Out of a thousand heads, probably three of you will be touched enough to feel the sympathy and throw a coin or two to do away with them.

But, do they deserve this? Were they given a chance to choose? What about their parents, are they alive? If yes, why do they neglect them? These are question that need instant answers since street boys and girls population are elevating overnight!

Some of these young kids had no option but to be on the streets. To raise their tiny hands to get something to consume for the day. Folks, this is not the kind of life one would want to be associated with let alone living. But someone has to do something before it becomes an impending disaster.

Born sixteen years ago, Boniface Andae is a class eight drop out. A young innocent boy never knew that one sunny day, he'll be roaming in the outskirts of Nairobi pleading for sympathy from serious guys chasing their dreams.

However, he had no option but to do it. His father, a man who has the mandate to offer protection to his blood son is a super drunkard. His mother separated with her husband, Boniface's father, and re-married. 

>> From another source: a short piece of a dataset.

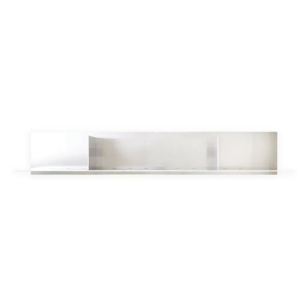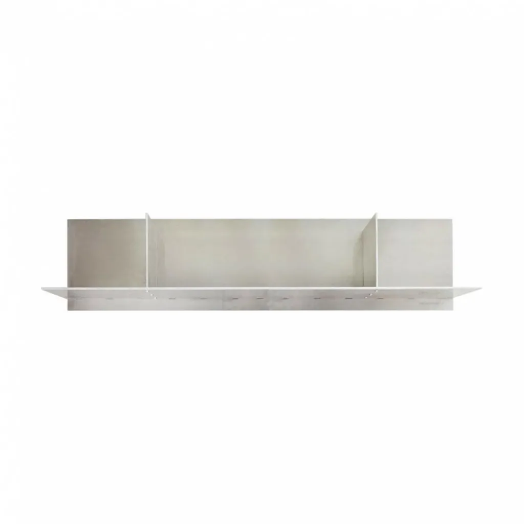 Das offen gestaltete Rivet Wandregal bietet Platz für dekorative Utensilien. Es ist in zwei Längen erhältlich: 87,6 cm und 119 cm. Beide Varianten sind 24,4 cm breit und 20,6 cm hoch. Sie haben jeweils zwei Trennwände, die das Regal in Fächer unterteilen und gut als Stützen für Bücher verwendet werden können.

He shows me a small carton which he calls a bed and a home. In school, he tells me, he was the best in drawing. He has won a number of awards after competing with his classmates. Teachers and sponsors gave him pipe promises which was never to be.

"God might have made me be this way but he blessed me with a gift. The gift of drawing. I know one day he'll bless me and make my name shine as a result of art."

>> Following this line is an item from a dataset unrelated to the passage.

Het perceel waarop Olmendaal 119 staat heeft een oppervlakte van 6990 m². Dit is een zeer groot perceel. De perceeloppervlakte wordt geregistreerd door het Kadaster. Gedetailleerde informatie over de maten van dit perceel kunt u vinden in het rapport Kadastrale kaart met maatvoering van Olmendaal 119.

Boniface sat for his KCPE exam last year and scored 258 marks out of 500. He was happy to pass his exams and maybe his father would be wise enough to hustle and help a hand in making his dream 
become a reality.

Sadly, he chose the bottle over his on blood. Today, Boniface is one of the toddlers you meet on the streets thanks to his parents.

They said when you go to Rome, do what the Romans do. He found himself walking without shoes. He started emulating his colleagues so as to get something from people he don't know.

To him, anywhere is home so long as darkness finds him there. As long as he gets somewhere to lay his back and close his eyes even if it's for some minutes. Every night as he looks at the stars, since he doesn't sleep under a roof, he wishes. A wish, he tells me, will one day become a reality and he'll be able to conquer the world and be the best of the best.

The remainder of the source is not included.